A dispatch from St. Paul, Minnesota, states that the Indians in Meeker County, in that State, have attacked the whites in the town of Acton, and killed several persons, including men, women, and children. Several persons are also reported to have been massacred at the Lower Agency. The cause alleged is exasperation at the non-reception of the money due them from the Government.

CITIZENS OF NEW ORLEANS DISARMED.

An important military order has been issued in New Orleans, by which all the inhabitants of that city have been deprived of their private arms, for the reason that at the battle of Baton Rouge it was discovered that numbers of the inhabitants of the latter city had been found among the slain on the battle-field. They had joined the rebel ranks.

ARREST FOR TREASON.

Charles Ingersoll has been arrested for treasonable or discouraging remarks, made at the Democratic meeting in Philadelphia on Saturday last. Mr. Ingersoll, in his speech, denounced President Lincoln and the Government in pretty strong terms, and accused them of disregarding the Constitution, and of being the most corrupt of any in the world. He also stated that our debt was heavier than that of any other nation, and one that had the least prospect of ever being paid.
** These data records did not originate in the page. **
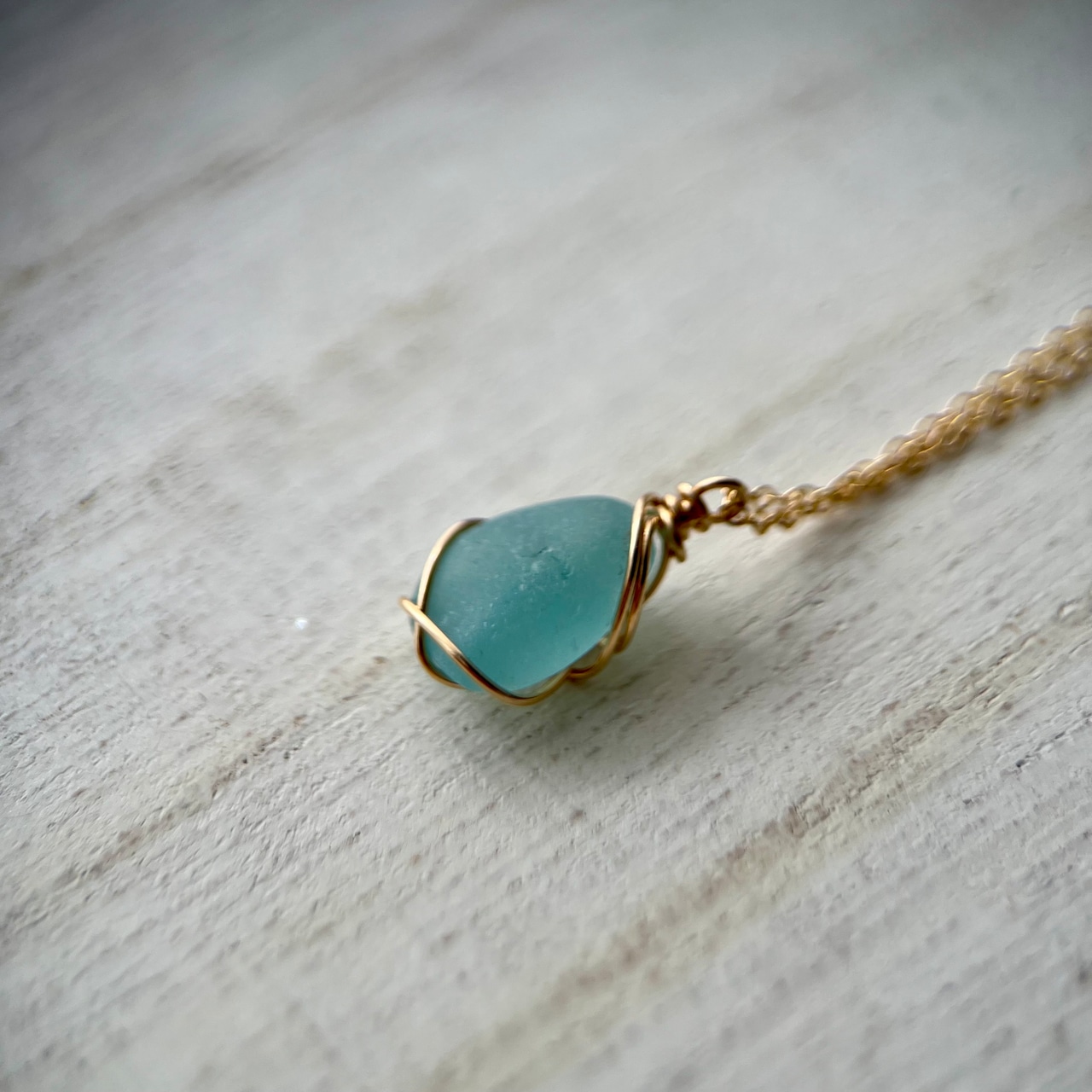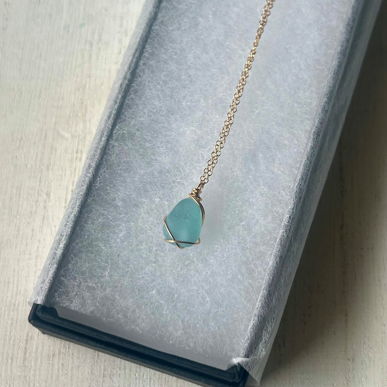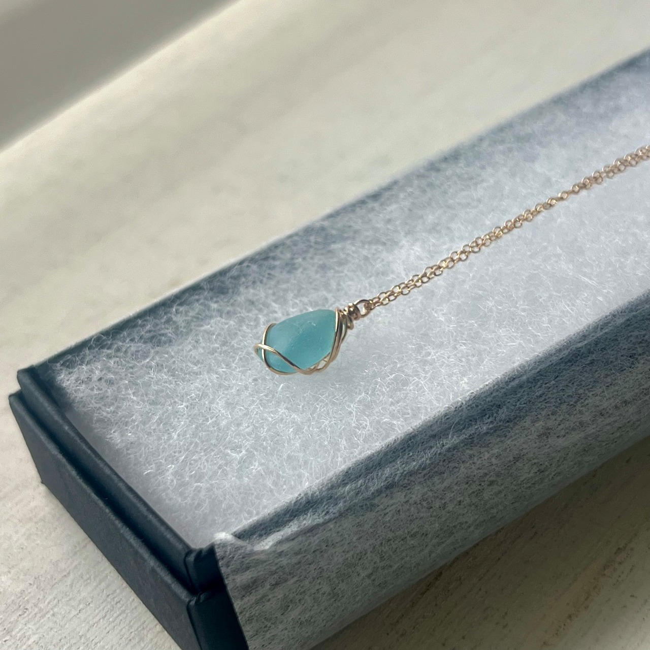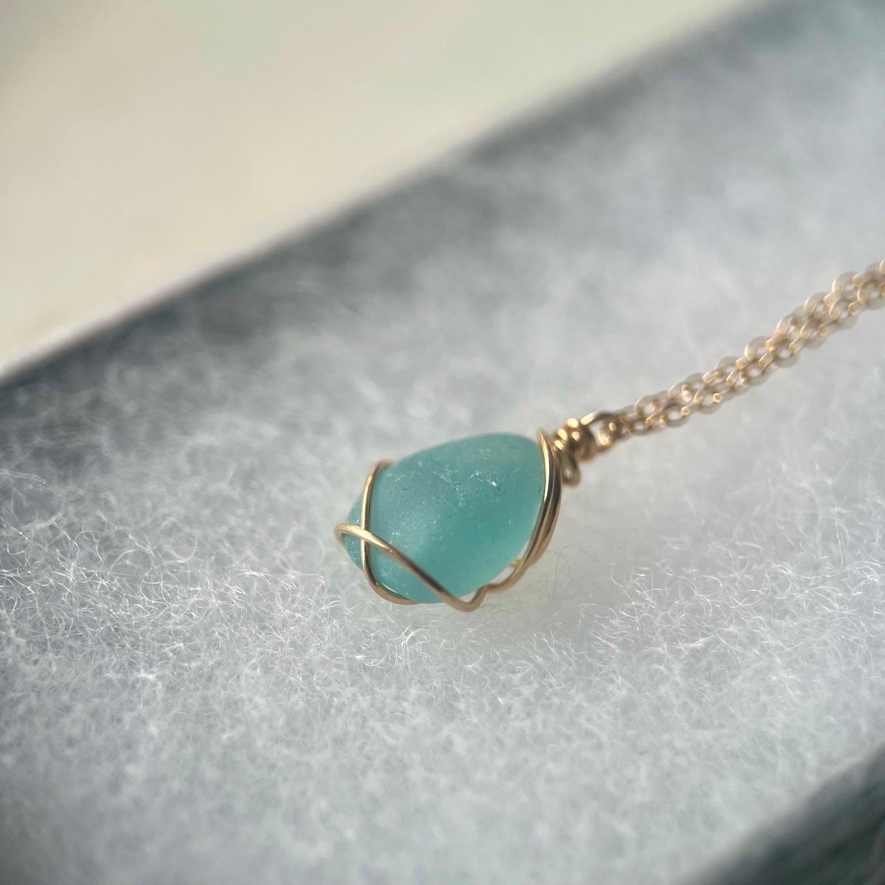 長い年月海岸で削られ角が取れ、丸みを帯び、1cmに満たないくらい小さくなったブルーシーグラス。この大きさになるまでに晴れの日も、雨の日も嵐の日もあったと思う。
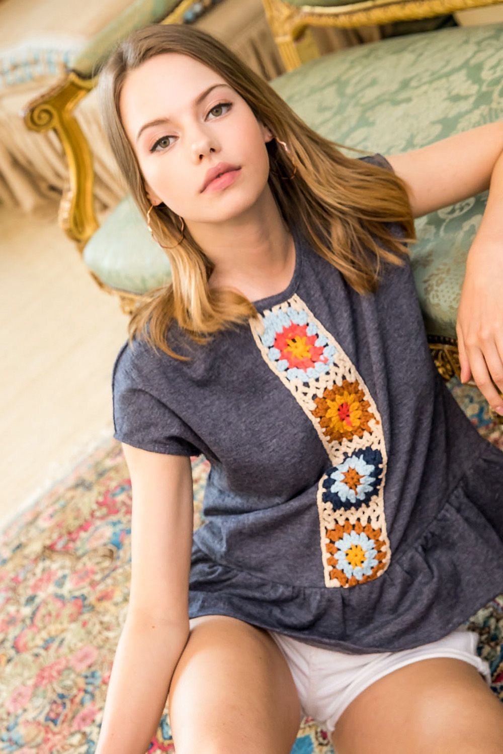This washed navy peplum knit top has crocheted flower accents and a soft feel. Love the uniqueness of the design and the comfort of this amazing top!
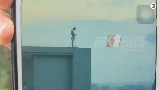 站在了小区一栋住宅楼的楼顶边缘上

FOREIGNERS NOT TO BE DRAFTED.

Secretary Seward has written a letter to the British Charge d'Affairs to the effect that foreigners who have not taken out their full papers are not subject to draft.

FOREIGN NEWS.
ENGLAND.

THE "TUSCARORA" SENT TO SEA.

THE Tuscarora, which put into Queenstown lately in the prosecution of her task of watching pirates, has been ordered off by the British officials.

RUSSIA.

THE SENTIMENT OF THE EMPEROR.

The St. Petersburg Journal asserts that the Russian Cabinet desires to sec the present conflict ended by prudent and honorable compromise, but does not wish to see the country divided.